Кристиан и Проспер подхватили Клемана на руки и потащили вниз.
       – Только не орите, сударь, – предупредил Кристиан, – а то зарежем.
       Услышав шум на лестнице, из комнат выбежали сестры Клемана и Амлотта. Они было завизжали, но Женька грозно цыкнула на них, и их визги стали сдавленными. Во дворе на процессию недоуменно смотрели Клод и Жиль, из прачечной выскочили прачки, а из окна утюжильной высунулись Марсена и Пакетта. Пакетта испуганно вскрикнула, а Марсена ругнулась, но через секунду  все свидетели происходящего уже безудержно хохотали. Белье из лохани было вытащено. Кристиан и Проспер свалили туда Клемана.
       – Открывайте сток! – велела Женька.
       С таким удовольствием прачки еще никогда не работали в прачечной. Амели открыла заслонку, Тибо, Беранжера и Марсена опрокинули лохань. Клемана выплеснуло в сливной желоб, потом в сток и понесло к реке. Люс и Амели махали ему вслед руками.
       – А он не потонет, Жанна? – забеспокоилась Беранжера.
       – Такое не тонет, – заверила ее Женька, и все захохотали еще громче.
       Грозная тройка спокойно покинула прачечную и направилась, ведомая фехтовальщицей, в сторону «Парнаса». Бушьер сначала перепугался, увидев девушку и ее недвусмысленное сопровождение, но она сказала, что не будет требовать свою долю прибыли с «Божьей птички», а пришла узнать только о Шарлотте.
       – А?.. Шарлотта, сударыня? Она замужем за Фофаном Жательер.
       – Как... за Фофаном? А ребенок? Она потеряла ребенка?

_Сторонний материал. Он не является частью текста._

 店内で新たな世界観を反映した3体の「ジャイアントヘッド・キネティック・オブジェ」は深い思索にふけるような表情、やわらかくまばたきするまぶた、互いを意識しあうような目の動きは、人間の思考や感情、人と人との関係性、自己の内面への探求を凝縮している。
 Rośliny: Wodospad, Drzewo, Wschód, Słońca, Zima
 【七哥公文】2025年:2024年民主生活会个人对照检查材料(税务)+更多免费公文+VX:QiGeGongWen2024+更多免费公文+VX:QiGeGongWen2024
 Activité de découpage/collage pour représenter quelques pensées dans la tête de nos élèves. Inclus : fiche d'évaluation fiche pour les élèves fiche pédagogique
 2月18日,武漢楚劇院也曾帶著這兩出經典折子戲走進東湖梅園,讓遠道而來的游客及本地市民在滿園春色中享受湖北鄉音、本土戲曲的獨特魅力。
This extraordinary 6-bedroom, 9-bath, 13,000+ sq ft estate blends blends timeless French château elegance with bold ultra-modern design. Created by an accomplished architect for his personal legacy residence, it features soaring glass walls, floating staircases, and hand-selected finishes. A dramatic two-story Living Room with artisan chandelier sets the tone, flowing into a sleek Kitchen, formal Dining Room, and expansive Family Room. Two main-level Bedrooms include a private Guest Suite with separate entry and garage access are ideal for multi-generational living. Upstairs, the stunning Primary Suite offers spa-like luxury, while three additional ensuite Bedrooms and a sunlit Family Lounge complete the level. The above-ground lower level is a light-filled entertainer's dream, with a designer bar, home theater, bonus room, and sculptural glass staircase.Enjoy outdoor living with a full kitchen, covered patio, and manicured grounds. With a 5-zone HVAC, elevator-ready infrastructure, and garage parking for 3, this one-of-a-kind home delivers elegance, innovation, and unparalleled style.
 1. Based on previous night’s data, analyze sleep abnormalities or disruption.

       – К счастью, нет, сударыня! Ребенок теперь будет благополучен, только умоляю вас, не трогайте больше мою дочь, госпожа!
       Но Женька не вняла мольбам Бушьера и направилась в «Ладью». Кристиан посоветовал зайти с задних дверей, чтобы не маячить на публике, и сам вызвал Шарлотту. Та, увидев фехтовальщицу, тоже, как и отец испуганно заморгала ресницами, но Женька успокоила ее, сказав, что пришла только проведать.
       – Как ты согласилась выйти за Фофана, Шарлотта?
       – Я устала, госпожа. Это тяжело – быть хозяйкой своей судьбы. Потом эта история с «Божьей птичкой»... Мне повезло, что батюшка нашел деньги, чтобы откупиться от плетей, а то бы я не знаю, что было бы с ребенком. Простите, но мне пришлось сказать, что вы мне угрожали.
       – Ерунда, забудь. Что там с Матье?
       – Да, Матье приходил, но он сейчас без места, без денег, живет у какой-то вдовы.
       – А если я достану вам денег, уйдешь с ним?
       – Куда, госпожа?
       – Какая разница? Он тебя любит и он отец твоего ребенка. Вам надо быть вместе!
       – Не знаю, госпожа, я теперь ничего не знаю...
       Шарлотта заплакала. Женька посмотрела на нее с сожалением, но не стала больше ее терзать, обняла на прощание и ушла.
       По возвращении во Двор Чудес Проспер рассказал Герцогу о походе с фехтовальщицей. Тот, сам натерпевшийся в юные годы от своего хозяина, от души посмеялся над беднягой Клеманом, похлопал Женьку по плечу и предложил ей войти в Совет по подготовке к налету.
       В группу были добавлены еще два «барахольщика» – Трюха и Шило, которым вместе с фехтовальщицей предстояло собирать награбленные вещи и складывать их в бочки из-под вина. Чтобы провезти все это в город готовились два воза. Вся группа после ограбления должна была разделиться на тройки и вернуться в Париж разными дорогами, чтобы не вызвать подозрения у  городских заставщиков. Сторожить возы, когда все уйдут на дело, взяли Жан-Жака и Табуретку. Оба были чрезвычайно этим довольны. Табуретка сразу же принялся точить свой нож, а Жан-Жак ловил каждое слово, когда Кристиан наставлял его, как вести себя во время дела.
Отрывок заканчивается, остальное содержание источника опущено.